- Action item -
From the first line of the entries below through the line bearing "오랜만에 어린이박물관에 들어왔는데, 백록", write out each line exactly. Omit pictures.

- Data extracts -
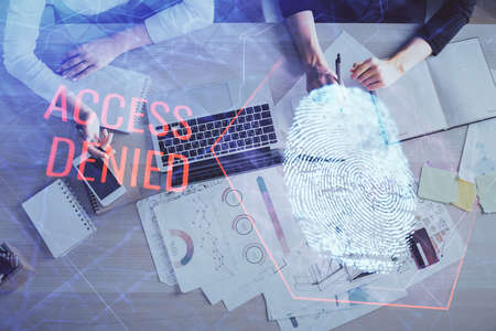 Double exposure of fingerprint hologram and man and woman working together holding and using a mobile device. Security concept
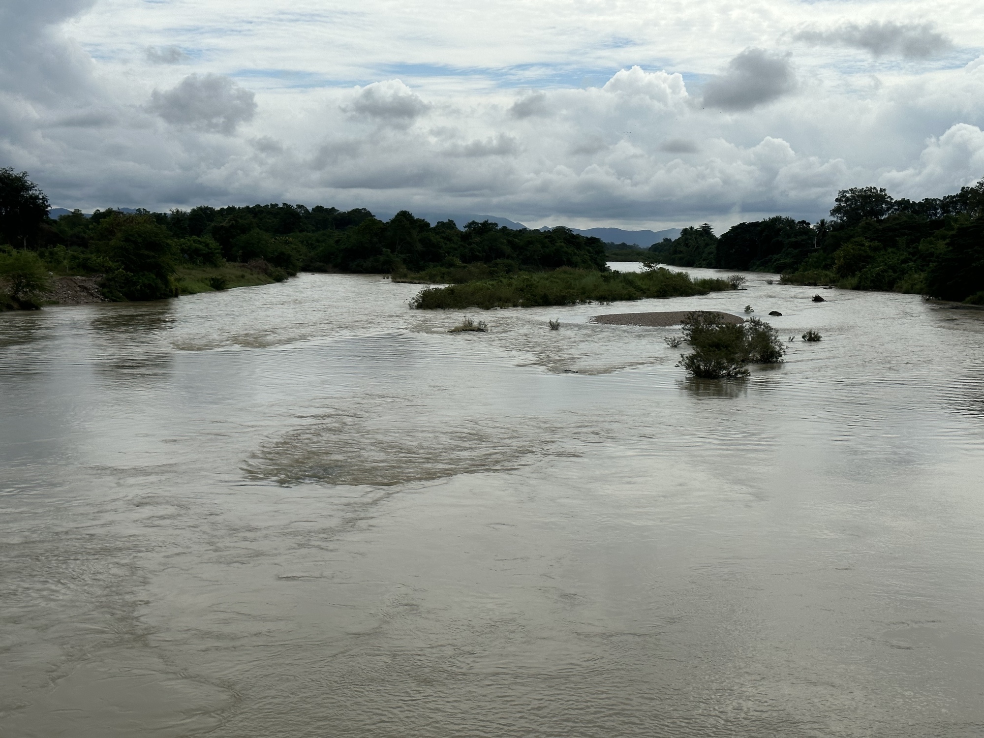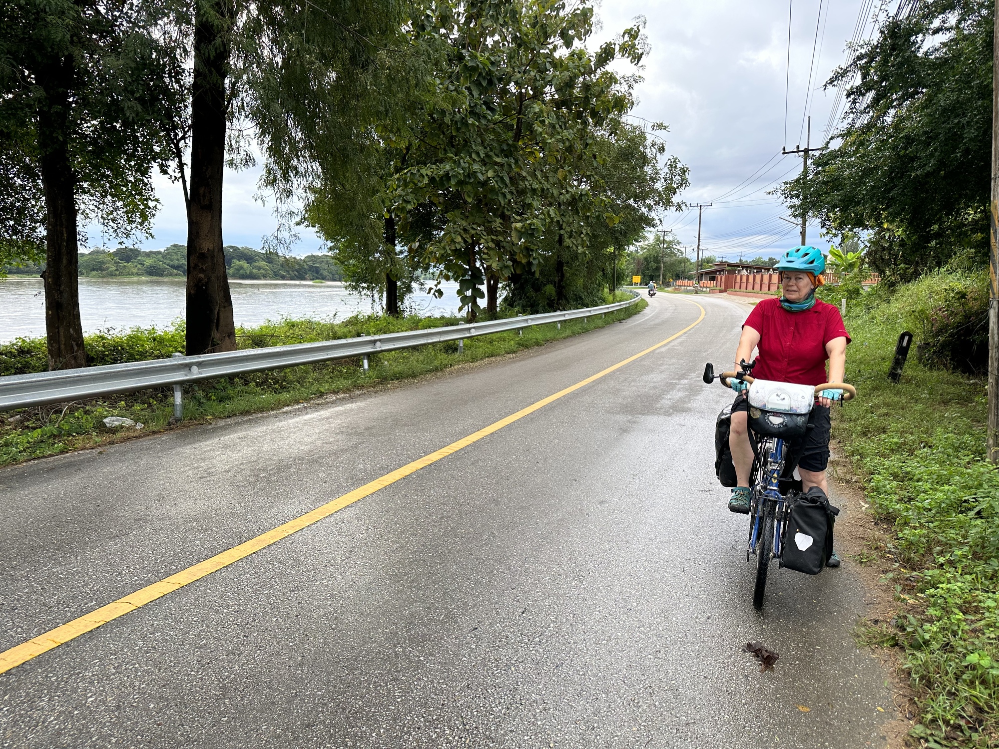 We had crossed to the east side of the Ping when we entered last night but this morning we went back to the west side to continue on the nice road hugging the river. The road was even nicer today, perfectly smooth with very gradual ups and downs. Also, for the first time on this trip, we had a slight tailwind. It was only a couple miles per hour but it was nice to have that extra little push. The temperature is coming down very slightly each day but the humidity is still horribly high so it's still really sticky. But, add it all up: the smooth road, slight tailwind, slightly cooler and it all made for a nicer ride today. (Mostly I think it was the excellent iced lattes we had that made it so enjoyable.) I don't even drink coffee that often back home but here I crave coffee because it's so tasty.
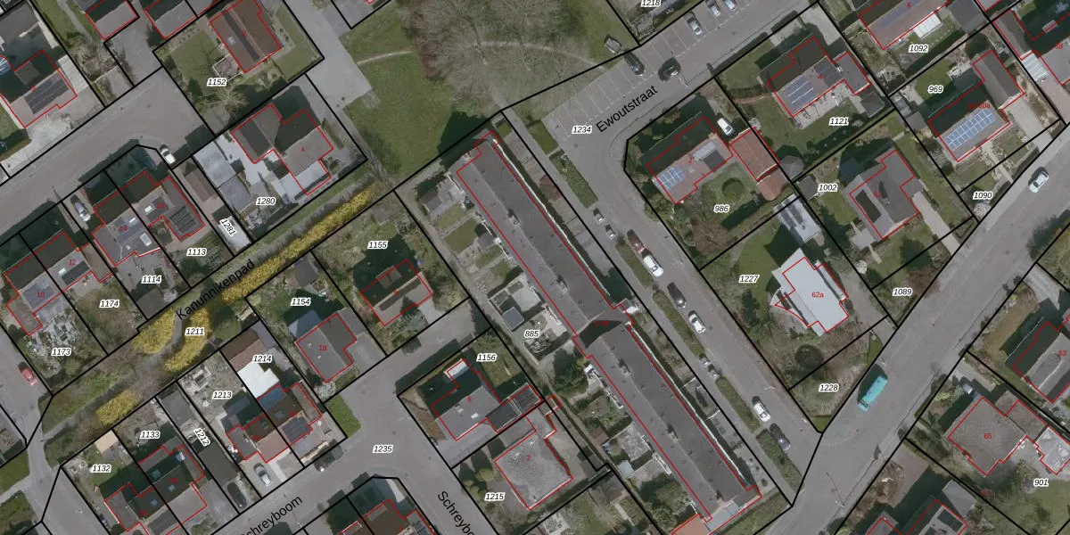 Het perceel waarop Ewoutstraat 35 staat heeft een oppervlakte van 2260 m². Dit is een zeer groot perceel. De perceeloppervlakte wordt geregistreerd door het Kadaster. Gedetailleerde informatie over de maten van dit perceel kunt u vinden in het rapport Kadastrale kaart met maatvoering van Ewoutstraat 35.
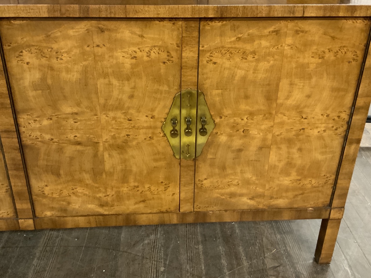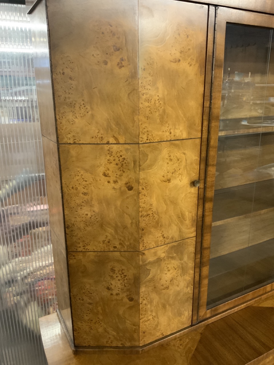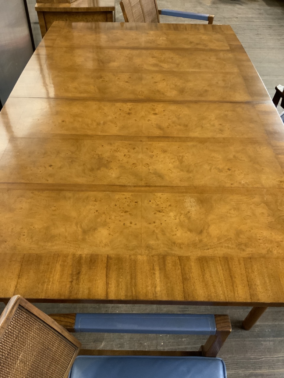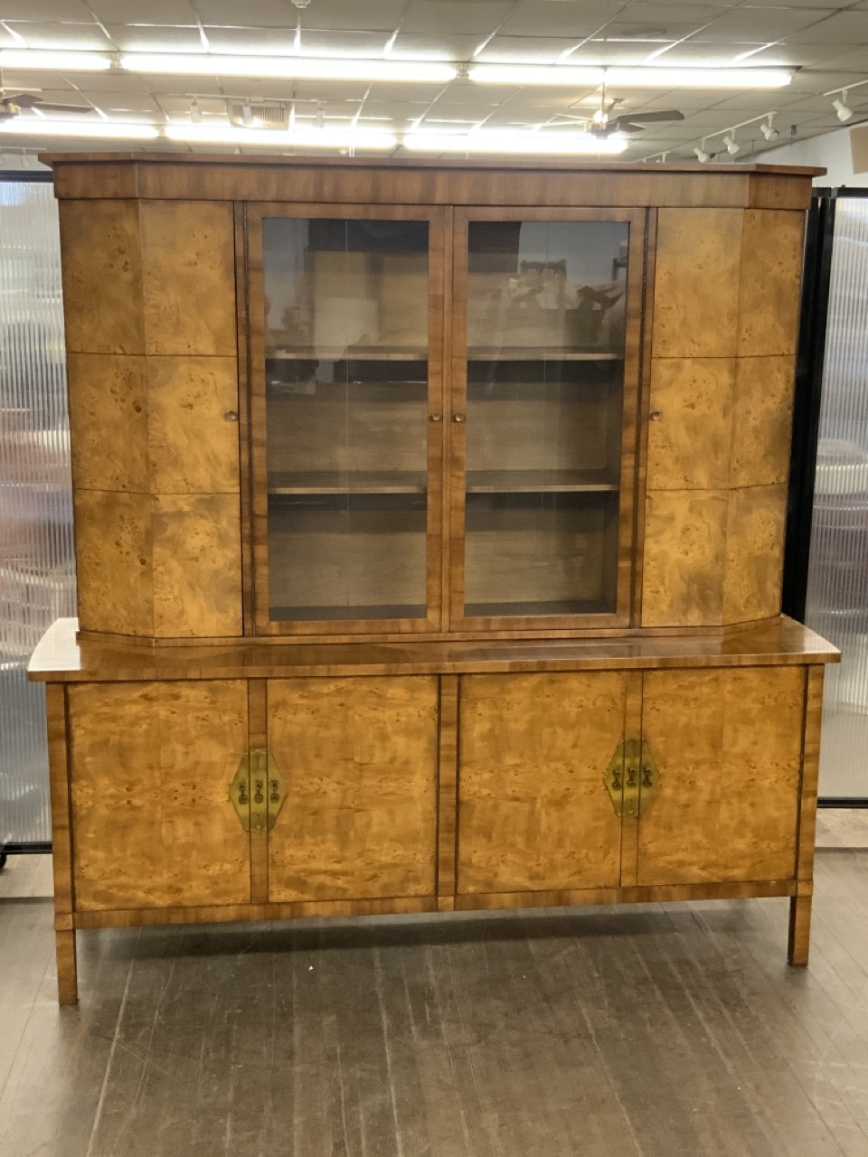 Hollywood Regency Mastercraft dining room suite. Breakfront, Credenza, Table with six chairs. Burlwood veneered tops. Very fine condition.
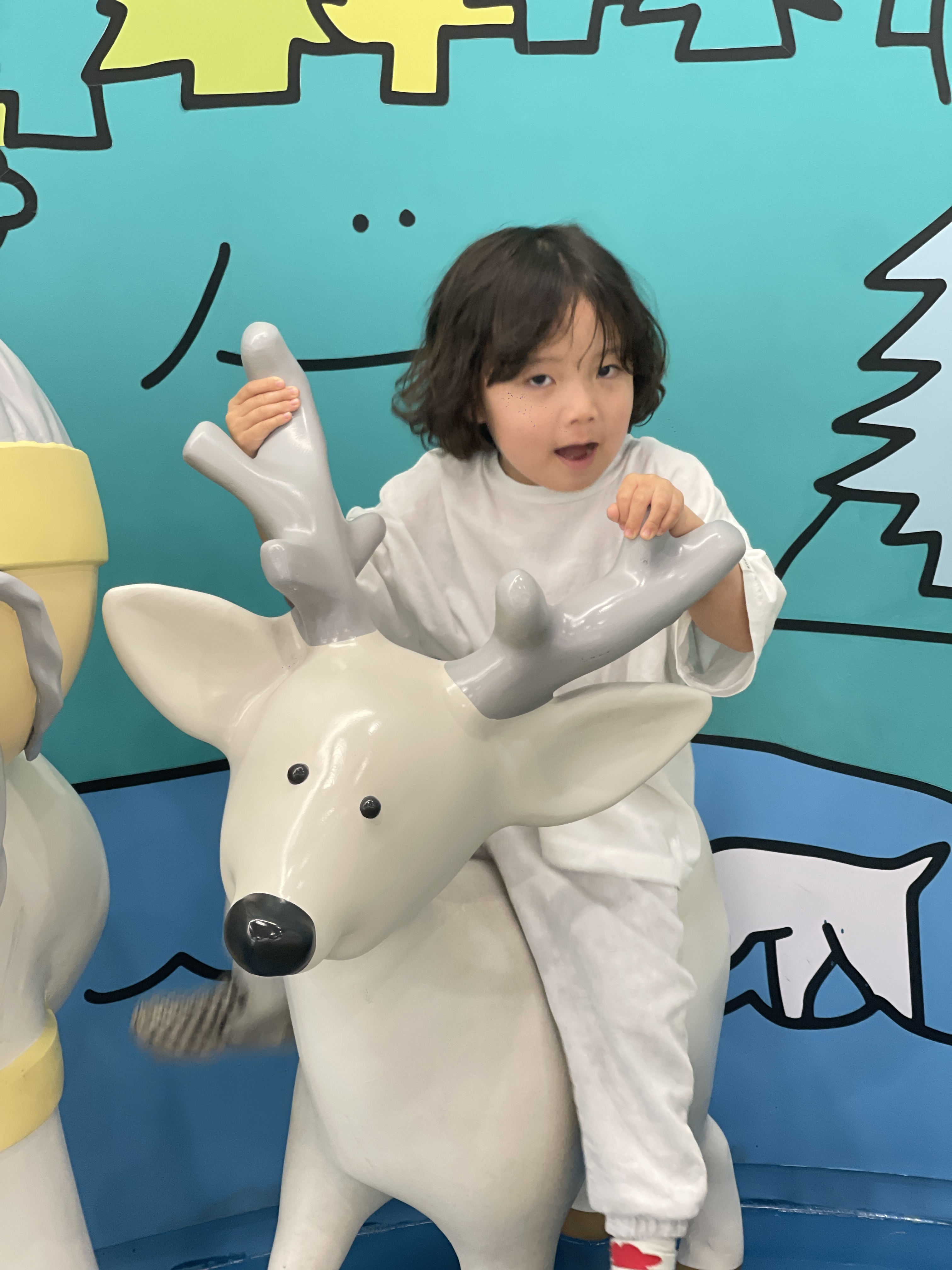 오랜만에 어린이박물관에 들어왔는데, 백록 위에 올라타 인증샷도 찍어 본다. 아기아기 할때 왔었는데.. 제법 컸다..
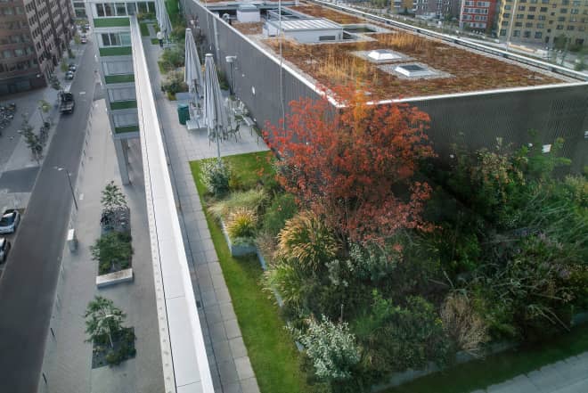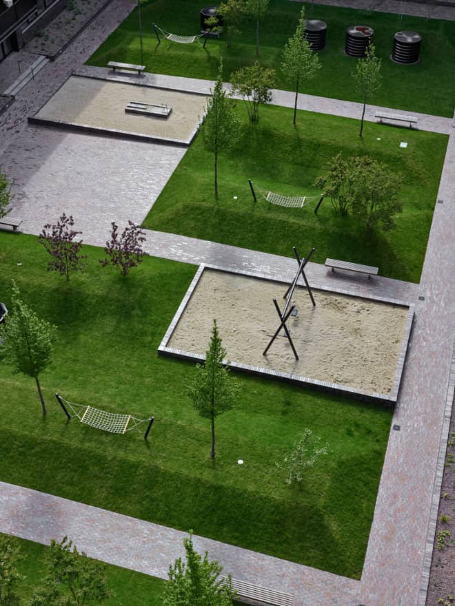 Das Quartier Heidestraße bildet den westlichen Teil der neugeschaffenen Europacity in Berlin-Mitte, die sich durch eine große bautypologische Vielfalt und markante Architekturen auszeichnet. Aufgabe der Freiraumstruktur des Quartiers ist in dieser Situation, stadträumliche Zusammenhänge zu vermitteln und identitätsbildende Orte zu schaffen. Im Kontrast zur reduzierten Formensprache der „äußeren“ Straßenräume und Plätze sieht das Konzept für die Dachgärten und Innenhöfe eine intensivere, formal differenzierte und betont vegetative Gestaltung vor.
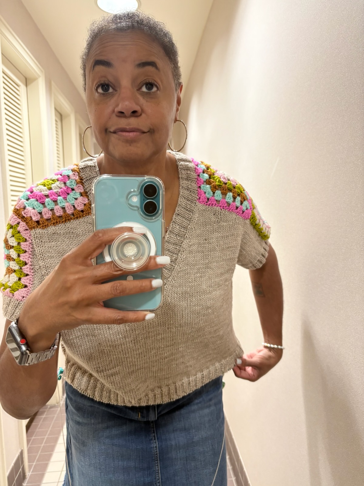 I set the first attempt aside and scrolled through the gorgeous knit and crochet projects Channy has finished and shared to her IG page, which landed me on the Geddy Tee. This fantastic pattern is a knit top with granny squares placed at the shoulder and sleeves. I knew that I needed to include the granny stitch with a baseball cap, as there are enough beanie or bucket hat patterns made from multiple granny squares.
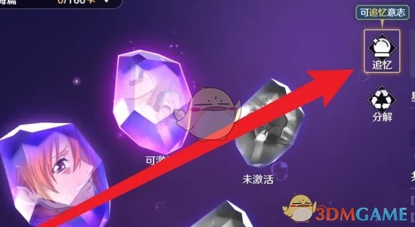 3、然后在意志水晶页面,点击右上角的追忆选项;
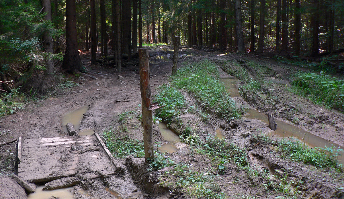 Zo sedla Lutiška sa ide hore po zelenej, po zvážnici vystlanej makadamom, asi dva kiláky a jedna serpentína, v pohode. Potom ale nasleduje tá spomínaná výnimka. V sedielku s križovatkou zvážnic značka aj cyklotrasa nenápadne odbočujú doprava dole, smer Vyšné Kamence, ale do poriadnej divočiny. Cesta tu je, ale dávno nepoužívaná, takže v lese popadané stromy, na čistinách krovie a žihľava vyše človeka. Nižšie rozbahnená cesta, niekedy ide aj priamo potokom, aj dole sa zle ide, nieto ešte hore. Ktorý inteligent toto ako cyklotrasu označil??? Bajkerom by som odporučil z toho sedielka pokračovať zvážnicou pod Mravečník a zostúpiť do Terchovej po modrej, alebo ešte zo sedla Lutiška to rubnúť po žltej ku Káčerovcom a stade dole do Tižinej.

- Response below -
 Double exposure of fingerprint hologram and man and woman working together holding and using a mobile device. Security concept
 We had crossed to the east side of the Ping when we entered last night but this morning we went back to the west side to continue on the nice road hugging the river. The road was even nicer today, perfectly smooth with very gradual ups and downs. Also, for the first time on this trip, we had a slight tailwind. It was only a couple miles per hour but it was nice to have that extra little push. The temperature is coming down very slightly each day but the humidity is still horribly high so it's still really sticky. But, add it all up: the smooth road, slight tailwind, slightly cooler and it all made for a nicer ride today. (Mostly I think it was the excellent iced lattes we had that made it so enjoyable.) I don't even drink coffee that often back home but here I crave coffee because it's so tasty.
 Het perceel waarop Ewoutstraat 35 staat heeft een oppervlakte van 2260 m². Dit is een zeer groot perceel. De perceeloppervlakte wordt geregistreerd door het Kadaster. Gedetailleerde informatie over de maten van dit perceel kunt u vinden in het rapport Kadastrale kaart met maatvoering van Ewoutstraat 35.
 Hollywood Regency Mastercraft dining room suite. Breakfront, Credenza, Table with six chairs. Burlwood veneered tops. Very fine condition.
 오랜만에 어린이박물관에 들어왔는데, 백록 위에 올라타 인증샷도 찍어 본다. 아기아기 할때 왔었는데.. 제법 컸다..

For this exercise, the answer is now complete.